● What is required: Transcribe all data verbatim. Skip the pictures.

● Data section:
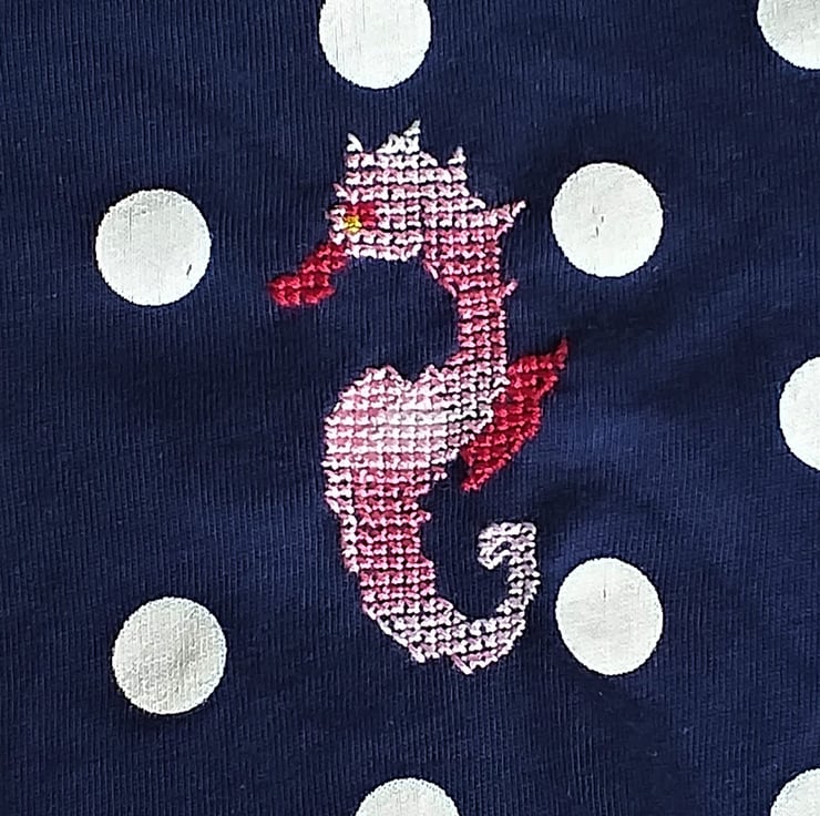 It took me a long time to decide what to embroider on this very pretty navy spotted background. It struck me that the spots looked like bubbles in a midnight sea, so what else but a fish? The pink band inside the neck suggested the colour, and the seahorse printed on the label clinched it!
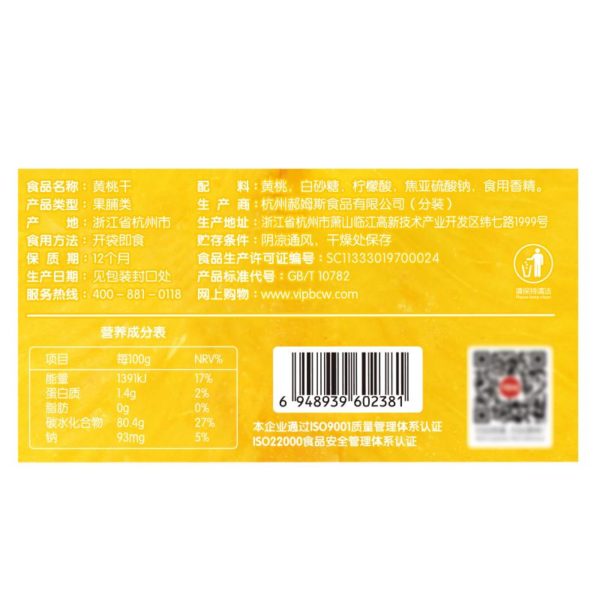- 系列: 黄桃干 100g (果脯类)
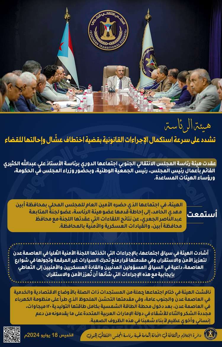 هيئة الرئاسة تشدد على سرعة استكمال الإجراءات القانونية بقضية اختطاف عشّال وإحالتها للقضاء
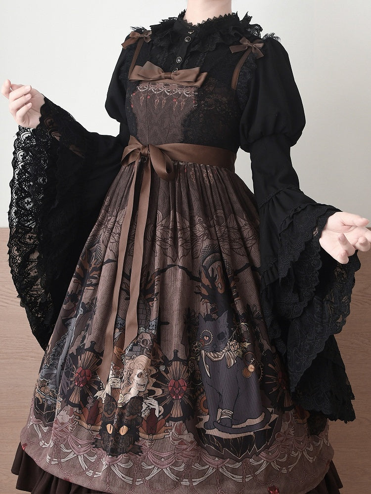 黒と白のオールドスクールロリータファッションドレス蝶結びロリータJSKセット

● Exercise output:
 It took me a long time to decide what to embroider on this very pretty navy spotted background. It struck me that the spots looked like bubbles in a midnight sea, so what else but a fish? The pink band inside the neck suggested the colour, and the seahorse printed on the label clinched it!
- 系列: 黄桃干 100g (果脯类)
 هيئة الرئاسة تشدد على سرعة استكمال الإجراءات القانونية بقضية اختطاف عشّال وإحالتها للقضاء
 黒と白のオールドスクールロリータファッションドレス蝶結びロリータJSKセット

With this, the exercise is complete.